Here is an example output. I ask it about JWST and exoplanets, the imaginary object ‘Mittius’, and the new Gaia Sky website. I have highlighted the response lines:
$ rag-chat.py
Available models:
- llama3.1:8b
- gemma3:12b
- phi4-mini:latest
- deepseek-coder-v2:16b
- llama3.2:1b
- mistral-small:24b
- phi4:latest
Model to use: llama3.1:8b
Insert of existing embedding ID: doc_mittius
Insert of existing embedding ID: doc_paper_jwst
Insert of existing embedding ID: doc_gaiasky_web
Add of existing embedding ID: doc_mittius
Add of existing embedding ID: doc_paper_jwst
Add of existing embedding ID: doc_gaiasky_web
Ask a question (or type 'exit' to quit): JWST and exoplanets.
The James Webb Space Telescope (JWST) will play a significant role in exoplanet
research by providing new capabilities for characterizing their atmospheres.
The telescope\'s Mid-InfraRed instrument (MIRI) coronagraphs are capable of
imaging cold directly imaged giant planets and detecting specific molecules,
such as ammonia (NH3), which is a key indicator of surface gravity.
In the provided text, JWST is mentioned in the context of:
1. The newly accessible mid-infrared (MIR) window offered by JWST for exoplanet
imaging.
2. The MIRI coronagraphs on board JWST are capable of detecting NH3 around
10.5 microns.
3. Future spectroscopic observations planned with JWST will be guided by the
valuable information obtained from these observations.
Overall, JWST is expected to provide new insights into exoplanet atmospheres
and help scientists refine their understanding of these distant worlds.
Ask a question (or type 'exit' to quit): What is the mittius?
A completely fictional object used to test Reasoning and Argument Generation
(RAG) in a local Large Language Model (LLM).

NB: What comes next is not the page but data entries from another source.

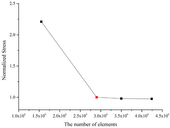 Four sets of mesh with different sizes of elements are checked with in stress concentration areas. The comparison results are shown in Figure 6. The mesh with 2.96 × elements (represented by red dot) is suitable for structural domain calculations in terms of both computational accuracy and memory usage.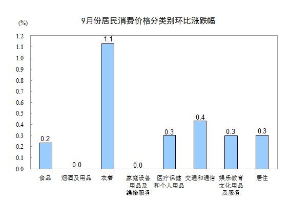 9月份,全國居民消費(fèi)價(jià)格總水平環(huán)比上漲0.3%。其中,城市上漲0.3%,農(nóng)村上漲0.4%;食品價(jià)格上漲0.2%,非食品價(jià)格上漲0.4%;消費(fèi)品價(jià)格上漲0.4%,服務(wù)項(xiàng)目價(jià)格上漲0.3%。
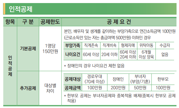 - 직계비속 : 만 20세 이하 / 1명당 연 150만 원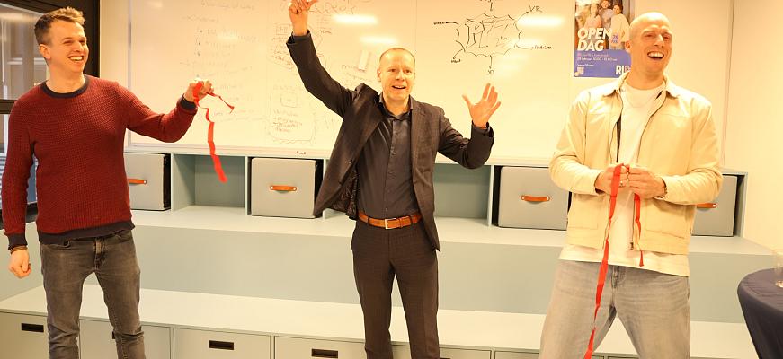 Bestuurder (lid CvB) van Stichting Rijnlands Lyceum, dhr. Verheus opende officieel het lokaal samen met de docenten dhr. Persoon en dhr. Stad. De opening werd samen met leerlingen, docenten en externe genodigden gevierd.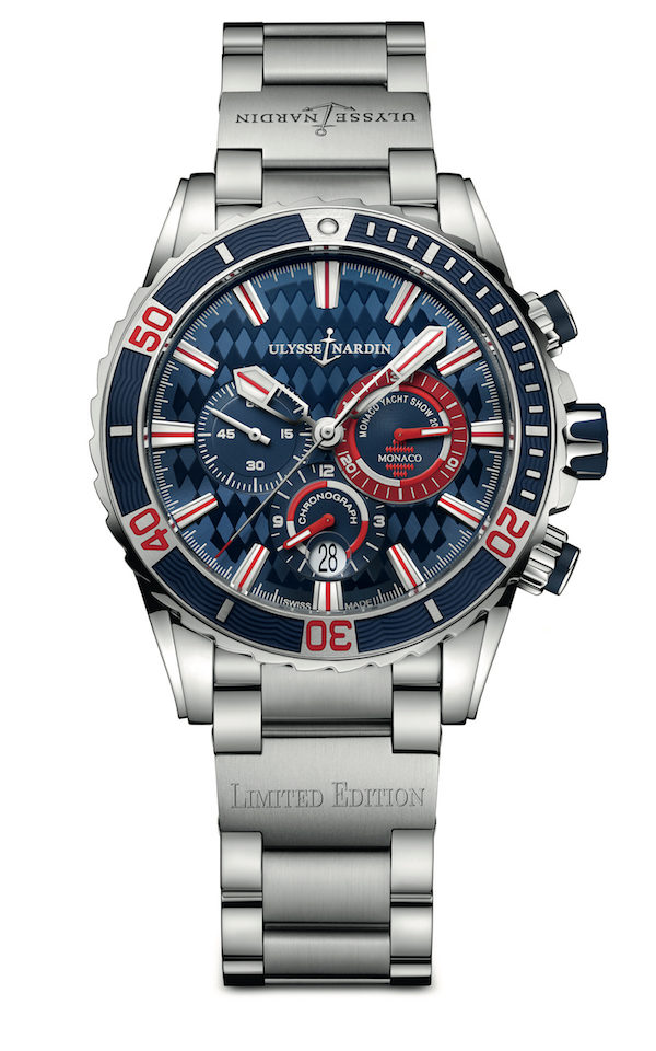 Now Ulysse Nardin pays homage to the most important date on the nautical calendar with a Limited Edition Diver Chronograph Monaco. Clothed in elegant red and blue, colours it shares with previous iterations of the Monaco, the Diver Chronograph commemorates the event with a minutes counter sporting the Principality of Monaco heraldic motif which is also featured on the watch’s sapphire caseback. The blue dial features the Monaco Yacht Show 2016 inscription while the indices and hands are in the colours of the Monaco flag. Ulysse Nardin’s deep-rooted connection with the sea is alluded to in every aspect of this collector’s timepiece of which just 100 steel versions will be made. An incredibly functional diver’s watch and precision chronograph in one, it will effortlessly tackle even the toughest ocean challenges, making it perfect for seafarers and sea-lovers alike.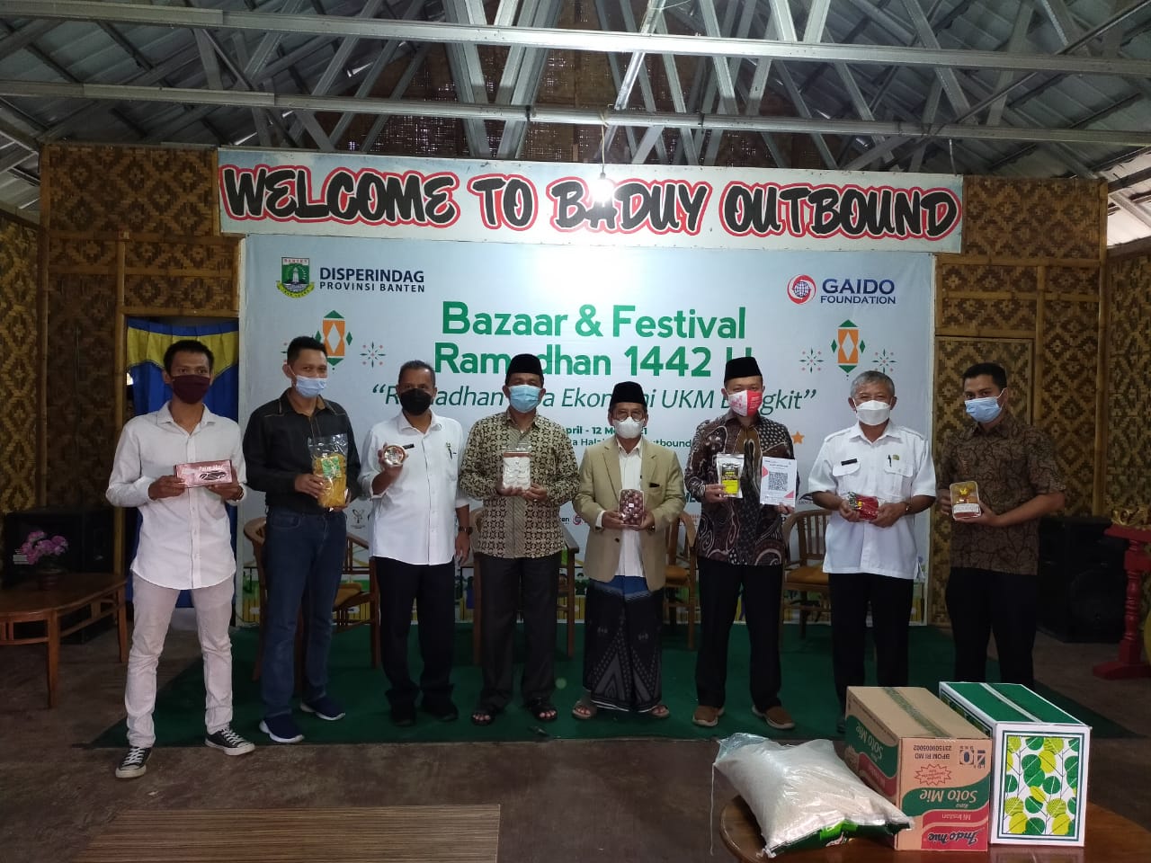 GAIDOFOUNDATION.ORG–Gelaran Bazaar dan Festival Ramadhan 1442 H.,”Ramadhan Tiba, Ekonomi UKM Bangkit” resmi dibuka oleh Drs. M. Agus Setiawan, A.W., M.Si. selaku Kepala Dinas Pariwisata Banten, didampingi Muhammad Hasan Gaido selaku, Founder Gaido Foundation, Sukandar, Kepala Bidang Perindustrian Disperindag Banten, KH. Anang Azharie Alie, Ketua Presidium Forum Silaturahim Pondok Pesantren (FSPP) Banten,dan KH. Sulaiman Effendi, Ketua Insan Tani dan Nelayan Indonesia (INTANI).

Ask a question (or type 'exit' to quit): What is the radius of the Mittius?
The answer can be found in the first sentence of the text:
"The Mittius is a sphere of radius 2 that is used to disperse light in all directions."
So, the radius of the Mittius is 2.
Ask a question (or type 'exit' to quit): How was the new Gaia Sky website built?
The new Gaia Sky website was built with Hugo.
Ask a question (or type 'exit' to quit): exit
As you can see, even this small 8B parameter model pretty much nails all three answer. In the third question (radius of the Mittius), it even provides the exact sentence that it sourced the subsequent answer from. Good work, Llama3.1!
Conclusion
As we’ve seen, with very little effort we can build a rudimentary RAG system on top of Ollama. This enables us to use context information in our queries in an automated manner, with the help of Chroma DB. This post only highlights the very basic notions required to get RAG to work in a very bare-bones manner. Further concepts to explore include different embedding models, quantization, system prompts, and more.
In our small test, we’ve used the Llama3.1 8B model, which is rather small. Using a larger model, like Gemma3 (12B), DeepSeek-R1 (14B), or even Mistral-small (24B), should improve the results at the expense of performance.
The code in this post is partially based on this medium article.